There are different approaches, the ones that come into my mind are:
optimistic locking strategies (first wins)
pessimistic locking strategies
last wins
Optimistic locking: you check whether a record had been changed in the meanwhile when storing. Usually it does this by having a version counter or timestamp. Some ORMs and frameworks may help a little to implement this.
Pessimistic locking: build a mechanism that stores the information that someone started to edit something and do not allow someone else to edit the same. Especially in web projects it needs a timeout when the lock is released anyway.
Last wins: the second person storing the record just overwrites the first changes.
... makes me wonder if I'm a newbie ...
That's what happens always when we discover that very common stuff is still not solved by the tools and frameworks we use and we have to solve it over and over again.
Now, if the software he uses is runed by many people how can I guarantee is he
is the only one working with that particular record.
Ah...
And please I wouldn't like the answer use “SELECT FOR UPDATE... “ because for
what I've read it has too negative impact on the database.
Who cares? I mean, it is the only way (keep a lock on a row) to guarantee you are the only one who can change it. Yes, this limits throughput, but then this is WHAT YOU WANT.
It is called programming - choosing the right tools for the job. IN this case impact is required because of the requirements.
The alternative - not a guarantee on the database but an application server - is an in memory or in database locking mechanism (like a table indicating what objects belong to what user).
But if you need to guarantee one record is only used by one person on db level, then you MUST keep a lock around and deal with the impact.
But seriously, most programs avoid this. They deal with it either with optimistic locking (second user submitting changes gets error) or other programmer level decisions BECAUSE the cost of such guarantees are ridiculously high.
Oracle is different from SQL server.
In Oracle, when you update a record or data set the old information is still available because your update is still on hold on the database buffer cache until commit.
Therefore who is reading the same record will be able to see the old result.
If the access to this record though is a write access, it will be a lock until commit, then you'll have access to write the same record.
Whenever the lock can't be resolved, a deadlock will pop up.

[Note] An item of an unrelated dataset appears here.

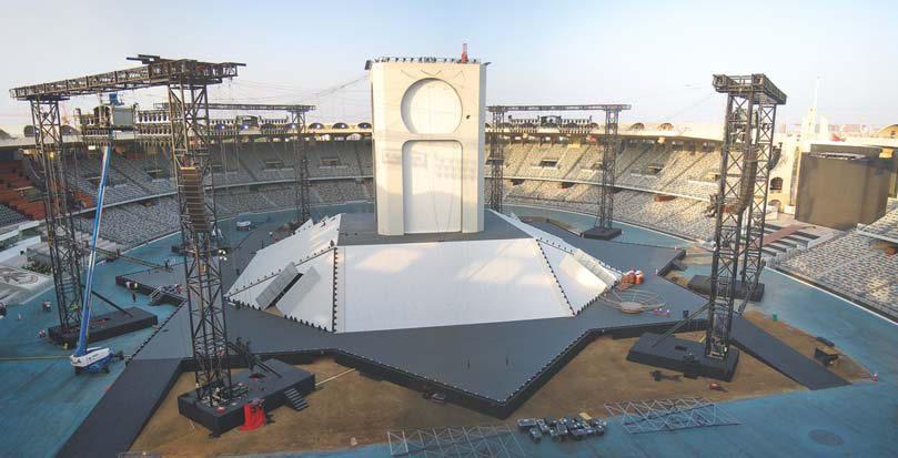 The 40-metre (130-foot) tall structure in the centre of Abu Dhabi’s Zayed Sports City Stadium stood on a 9-metre (30-foot) tall plinth, and provided over 6,000 square metres (65,000 square feet) of projection surface. The plinth housed substage storage and dressing rooms for cast and props that gained stage access via large barn doors and mechanical lifts. Four 3-metre (10-foot) wide steel portals were used for performer flying, lighting and projection positions.
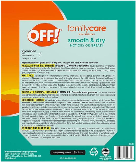 OFF! Family Care Insect Repellent, Smooth & Dry Travel Aerosol Sprays, 6 oz. + 2.5 oz.

SQL server though doesn't have the ability to read a record that has been locked to write changes, therefore depending which query you're running, you might lock an entire table
First you need to separate queries and insert/updates using a data-warehouse database. Which means you could solve slow performance in update that causes locks.
The next step is to identify what is causing locks and work out each case separately.
rebuilding indexes during working hours could cause very nasty locks. Push them to after hours.
We are re-writing an old Cobol application in Java EE.
The old Cobol is a full client application.
The client's requirement is to lock entities (e.g. a particular account) so that no one can access it or at least only in read-only. This is because some transactions might be long and we don't want users to enter a lot of data just to loose everything while updating.
Optimistic locking is not wanted.
Currently the requirement is implemented by creating locks in a file system with a lot of problems like concurrent access, no transactions. Not very Java EE compliant.
The lock should also tell the client that is locking an entity.
Any suggestion?
I would suggest using the database itself for locking instead of the file system approach.
In an application we implemented locking an an per entity basis by using a special table LOCK which had the fields ENTITY_TYPE, ENTITY_ID, USER_ID and VALID_TO. Locks created timed out after a certain time when the user did not do anything. This was to prevent locked entities which can never be edited by other users when a client closes the application or due to network errors etc.
Before allowing a user to edit an entity we checked / created a row in this table. On the UI the user had a button to lock an entity or an info box showing the user holding the lock if an entity was already locked.